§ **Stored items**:
....................

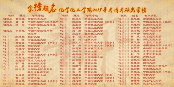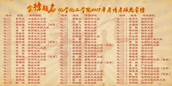 希望所有考上研究生的同学们都能够在未来学业中学有所成,在各自研究的领域中做出贡献,为烟大争光,为化院争彩。希望所有正在准备考研的同学们能够持之以恒,坚持到底,祝福未来金榜题名。希望所有大一、大二的同学们以此为榜样,脚踏实地,好学力行,梦想成真!
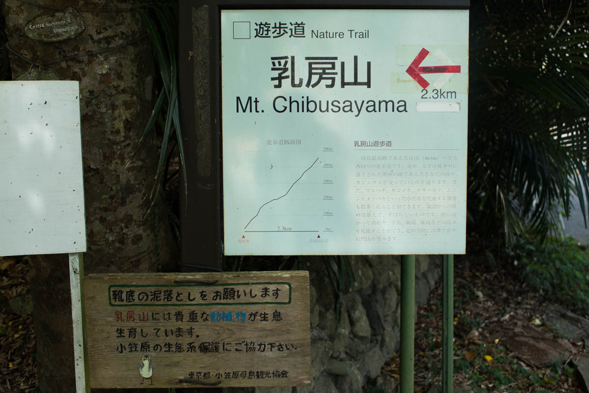 小笠原有人島の最高峰は乳房山(462.6m)です。母島中心部から山頂部を経て戻ってくるまで徒歩で4.5時間です。母島観光協会では左回りに回ることを推奨しています。そのほうが、下りに海が見えて景色が綺麗だからだそうです。地元の人のいうことは聞くべきですね。
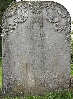 The grave of novelist Dame Agatha Christie is in the churchyard of St Mary's. She lived with her second husband, archaeologist Sir Max Mallowan, at Winterbrook House, formerly in the north of the parish, from about 1934 and died there in 1976.[11] She and her husband had chosen a burial plot in the mid-1960s just under the perimeter wall of the churchyard. About twenty journalists and television reporters attended her funeral service, some having travelled from as far away as South America. Thirty wreaths adorned her grave including one from the cast of her long-running play The Mousetrap, and another sent "on behalf of the multitude of grateful readers" from the Ulverscroft Large Print Book Publishers.[12]
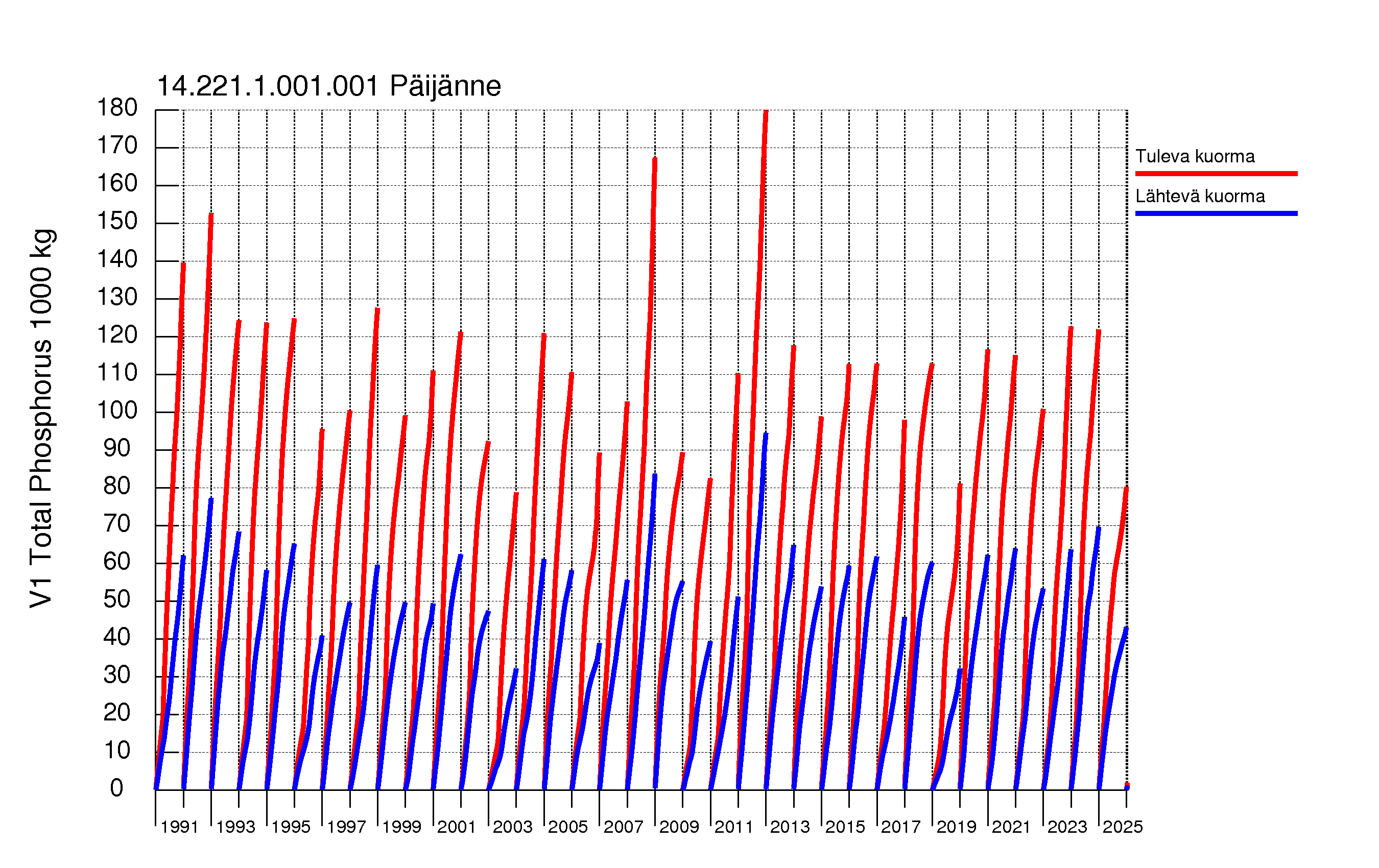 WSFS-Vemala: Kokonaisfosforikuormitus: Kymijoen vesistöalue - PäijänneAsiantuntijan työpöytä > Ravinnekuormitus > Suomenlahti > Kymijoen vesistöalue > PäijänneFOSFORI | TYPPI | KIINTOAINE
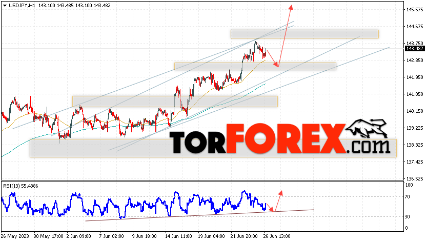 Котировки валютной пары Доллар Иена USD/JPY продолжают движение в рамках роста и бычьего канала. В момент публикации прогноза курс Доллара США к Японской Иене составляет 143.48. Скользящие средние указывают на наличие краткосрочной бычьей тенденции по паре. Цены ушли вверх от области между сигнальными линиями, что указывает на давление со стороны покупателей Доллара США и потенциальное продолжение роста цен уже с текущих уровней. В рамках прогноза курса Японской Иены на 27 июня 2023 стоит ожидать попытку развития коррекции цены и тест области поддержки вблизи уровня 142.65. Далее, отскок цены вверх и продолжение роста пары USD/JPY в область выше уровня 145.75.
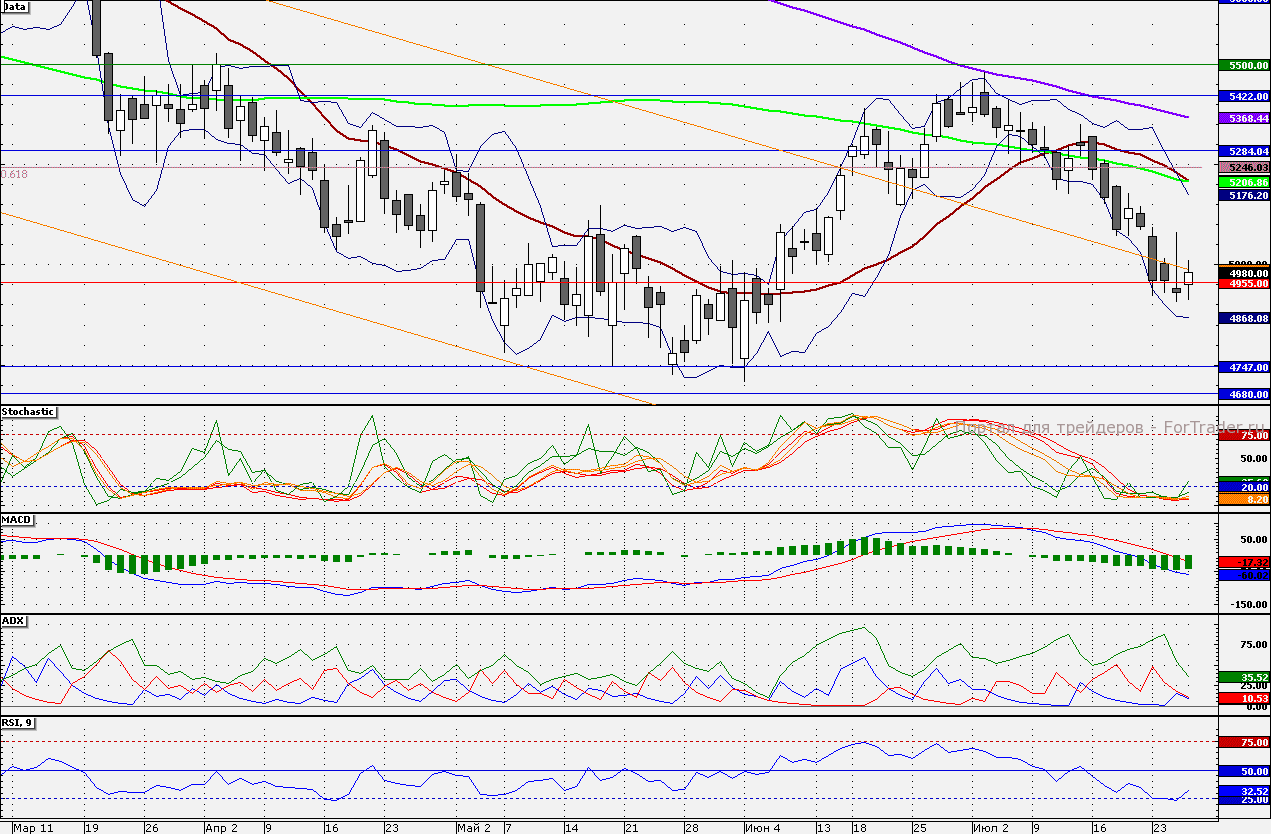 Ближайшие уровни сопротивления: 5000,00/5100,00/5250,00/5300,00

....................

§ **AIM OF THE TASK**:
Apart from the pictures, return every entry above exactly as given.

§ **SOLUTION**:
 希望所有考上研究生的同学们都能够在未来学业中学有所成,在各自研究的领域中做出贡献,为烟大争光,为化院争彩。希望所有正在准备考研的同学们能够持之以恒,坚持到底,祝福未来金榜题名。希望所有大一、大二的同学们以此为榜样,脚踏实地,好学力行,梦想成真!
 小笠原有人島の最高峰は乳房山(462.6m)です。母島中心部から山頂部を経て戻ってくるまで徒歩で4.5時間です。母島観光協会では左回りに回ることを推奨しています。そのほうが、下りに海が見えて景色が綺麗だからだそうです。地元の人のいうことは聞くべきですね。
 The grave of novelist Dame Agatha Christie is in the churchyard of St Mary's. She lived with her second husband, archaeologist Sir Max Mallowan, at Winterbrook House, formerly in the north of the parish, from about 1934 and died there in 1976.[11] She and her husband had chosen a burial plot in the mid-1960s just under the perimeter wall of the churchyard. About twenty journalists and television reporters attended her funeral service, some having travelled from as far away as South America. Thirty wreaths adorned her grave including one from the cast of her long-running play The Mousetrap, and another sent "on behalf of the multitude of grateful readers" from the Ulverscroft Large Print Book Publishers.[12]
 WSFS-Vemala: Kokonaisfosforikuormitus: Kymijoen vesistöalue - PäijänneAsiantuntijan työpöytä > Ravinnekuormitus > Suomenlahti > Kymijoen vesistöalue > PäijänneFOSFORI | TYPPI | KIINTOAINE
 Котировки валютной пары Доллар Иена USD/JPY продолжают движение в рамках роста и бычьего канала. В момент публикации прогноза курс Доллара США к Японской Иене составляет 143.48. Скользящие средние указывают на наличие краткосрочной бычьей тенденции по паре. Цены ушли вверх от области между сигнальными линиями, что указывает на давление со стороны покупателей Доллара США и потенциальное продолжение роста цен уже с текущих уровней. В рамках прогноза курса Японской Иены на 27 июня 2023 стоит ожидать попытку развития коррекции цены и тест области поддержки вблизи уровня 142.65. Далее, отскок цены вверх и продолжение роста пары USD/JPY в область выше уровня 145.75.
 Ближайшие уровни сопротивления: 5000,00/5100,00/5250,00/5300,00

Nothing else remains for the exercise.